Malcolm X (right) with Martin Luther King
Malcolm X has emerged as one of the most debated-about African-American Civil Rights Leaders from the era of the late 1950s and early 1960s. He can be viewed as having inspired millions of African-Americans in the struggle against racism; however, others have viewed him as violently racist, making it easier for Whites to label African-Americans as angry and aggressive. 

Whilst he was born in Nebraska in 1925, his birth into the Civil Rights Movement began as he was serving a jail term in 1946. He joined the Nation of Islam during this time and, due to his natural charisma, rapidly rose through the ranks to become their most significant public speaker. He was preaching the segregationist ideology of the NOI, which at one point was linked to the US Nazi Party in that both institutions wanted the races to be separate. His speeches at this point were extreme and militant, garnering the most support in inner-city areas of the North of the USA, where civil rights leaders such as Martin Luther King failed to gain traction.

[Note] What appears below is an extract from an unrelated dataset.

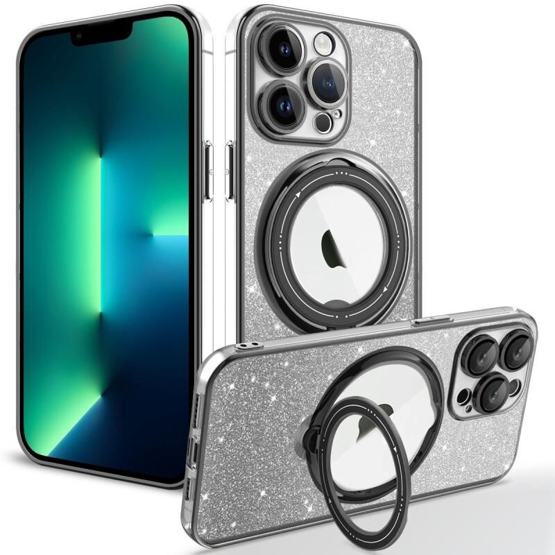 For iPhone 13 Pro Max Rotation MagSafe Holder Gradient Glitter TPU Phone Case(Black)

The birth of what would become the 'Black Power' movement can be partly found in his words that African-Americans could and should prosper on their own. These words were inspirational and also were contributors to the ideal of an African-American self-help movement. However, he became increasingly disillusioned with the NOI, especially its leader, Elijah Muhammad, and split from the movement in 1964. Subsequently, he set up the Muslim Mosque Inc (MMI) and the Organization of Afro-American Unity (OAAU), following from his beliefs in black nationalism - one was a religious group and the other secular.


He went on a Hajj to Mecca, where he saw Muslims from all around the world and concluded that his religion did not discriminate. He continued to travel throughout Africa. Malcolm X adopted a slightly more conciliatory attitude towards white people; he began to argue that, if they could help the African-American cause, any white person should be welcomed. However, shortly after he began this ideological shift, Malcolm was assassinated by several NOI members while making a speech in 1965; this, he did not have the opportunity to continue in the new direction he started.

He was viewed by many white contemporaries, and even some African-American leaders, as a dangerous, extremist figure; however, over the ensuing decades, evaluations of Malcolm's legacy have shifted, his contributions to black nationalism and the future Black Power movement recognised as successful, crucial to the overall impact of the Civil Rights movement as a whole. Malcolm X is now viewed as an inspirational and transformative figure. We cannot know how much further he would have gone, possibly rising to the same level of fame as MLK, someone he saw as both ally and rival; Malcolm's brutal assassination robbed the world of someone who could have been influential in American politics for many decades - yet his legacy lives on.